# Problems restoring texts with SMS backup and restore. What settings to fix?



## mike86325 (Aug 9, 2011)

I've been using SMS backup and restore to backup my texts for forever, but I always have the problem that some of my texts come out completely out of order. For instance, I'll have a conversation that was back and forth (one text from each party for, say 20 texts), but after restoring I'll see 7 sender txts in a row, then 4 of mine, then 2 of their's. Just completely out of order and annoying when you need to look back at something.

What settings do you guys use to prevent this? Also, I've seen this problem on GB stock messenger, handcent, and MIUI messenger. So it's not the messenger messing up anything


----------



## Detonation (Jul 25, 2011)

I believe this is related to the disclaimer on the market for the app:
"NOTE: There is a known problem with some firmware versions of the Droid X and Droid 2 phones that the restored messages do not get the correct time stamps."

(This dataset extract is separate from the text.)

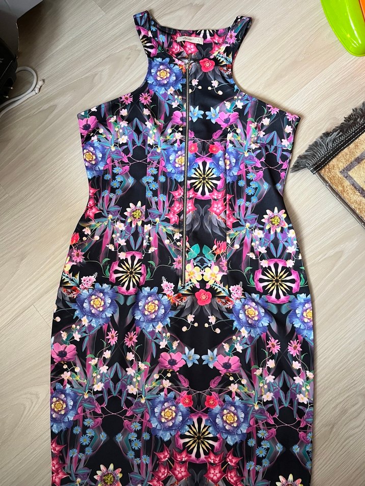 Kolsuz, yüksek yakalı ve önden fermuarlı bu midi elbise, renkli desenli ve sentetik kumaştan yapılmıştır. Bohem parti tarzı için uygundur.
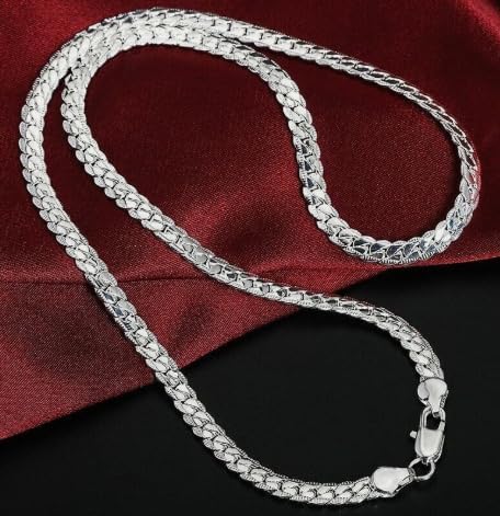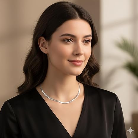 قلادة سلسلة فضية مسطحة للجنسين – طول كلاسيكي 50 سم – لمسة نهائية مصقولة أنيقة

It was always a problem for me when restoring on stock, Froyo or GB. Something to do with the stock blur messenger I think. However, when the "Adjust Time Zone - On Restore" option was added, it took care of this problem. So enable that and give it a try.


----------



## troybuilt (Jul 30, 2011)

I use mybackup pro from the market. I don't usually restore messages, but when I have time stamps seems to be accurate. you may want to try that out. its a paid app.


----------